With $50,000 capital, when would it not be feasible to buy a share costing $35.00?

First, a caveat: $50,000 is a very small capital to use my methods. I generally regard $100,000 as a more reasonable minimum.


However, it is not impossible to use my basic method, providing that you understand that with such a small investment capital, you may have to choose your investments carefully to stay within my rules. More likely, though, it will not be possible to observe every rule and guideline and in order to work with that capital limit, you will need to clearly understand that you need to take more risk. Let me explain:

  • Capital is $50,000
  • I% maximum risk is $500
  • Buying price is $35.00
  • Assume the sell stop is at $30.00
  • Therefore the risk is $5.00 per share
  • Limiting your risk to 1% ($500) lets you buy 100 shares.
  • However, 100 shares will cost $3,500, which is 7% of your capital.
  • My rule is not to invest more than 6% of capital.
  • 6% of your capital is $3,000
  • This is the operable limit here, so you could only buy 86 shares.
  • This would be fine. You would only be risking $430 or 0.86% of capital, which would be essentially what I do most of the time.

The only thing you have not been able to do on my plan is to enter in three stages, which would be possible, but the brokerage might not be an acceptable cost.

Some options for you to consider if this is not to your liking:

The sell stop is a variable, depending on your method of setting it.
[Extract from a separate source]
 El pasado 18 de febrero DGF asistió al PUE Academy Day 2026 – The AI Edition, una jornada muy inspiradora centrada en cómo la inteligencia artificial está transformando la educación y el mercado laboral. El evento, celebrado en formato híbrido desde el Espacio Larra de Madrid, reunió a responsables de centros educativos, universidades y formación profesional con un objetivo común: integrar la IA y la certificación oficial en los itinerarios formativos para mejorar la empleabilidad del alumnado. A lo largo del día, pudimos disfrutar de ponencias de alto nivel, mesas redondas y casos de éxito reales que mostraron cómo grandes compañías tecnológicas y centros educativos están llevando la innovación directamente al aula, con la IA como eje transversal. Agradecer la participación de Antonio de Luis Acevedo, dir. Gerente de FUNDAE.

In my case, if I was not happy with the size of this position, I would find another investment which had a smaller risk per share. Closing up the sell stop contrary to my investment plan rules is not an option as it destroys the entire logic of what my investment plan is about.

The percentage risked is a variable. With small capital, most investors will use a higher percentage than I do. 2% is very common as popularised by Dr Alexander Elder in his books Trading for a Living and Come into my Trading Room. There is nothing set in concrete here, so long as you realise that the higher the percentage risked, the closer you are moving to the risk of ruin threshold. Be especially careful if you are tempted to move the percentage risked towards 5%. That is like playing Russian roulette in the stock market. Be aware too, that my risk of 1% is based on the buying and sell stop prices without any allowance for slippage or brokerage. Dr Elder’s number of 2% does include both slippage and brokerage. The end result is that we are both a lot closer than the raw numbers would suggest.
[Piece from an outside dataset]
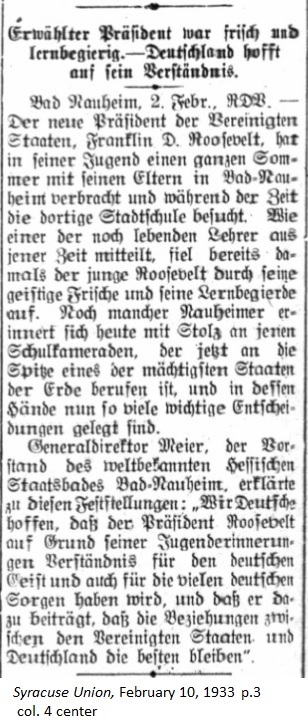 February 10, 1933 page 3 — Germany hopes for his Understanding _____ General Director Meier, the chairman of the world famous Hessian State Bath in Bad Nauheim said regarding this statement, "We Germans hope that, in light of his early childhood memories, President Roosevelt will have an appreciation for the German intellect and for our many German concerns and that he sees to it that the relationship between the United States and Germany remains on the best of terms. |

The percentage invested is also a variable. I use 6%, which I regard as rather aggressive for an investor. Warren Buffett would laugh at that rule, because his portfolio is even more concentrated than mine. However, do not take comfort from that until you are as good an investor as Warren Buffett. He is close to the best living investor. Nevertheless, this is something you could vary cautiously and consciously without undue risk. What is involved here is diversification. This is the main way we deal with specific risk in our portfolios. The higher the percentage invested in each stock, the less diversified we are and the closer we come to having all our eggs in one basket.

Brokerage is a variable to some extent. You could look around for the cheapest online broker to keep control of this issue. If it is an online broker, the skill level in managing the order rests with you and is not a variable, as it would be if you use a full service broker.

I hope these thoughts are of value. What I have tried to do is outline for you the issues you need to think carefully and deeply about. Remember that they are all connected and it is the totality of the risks that you need to manage as much as each individual type of risk.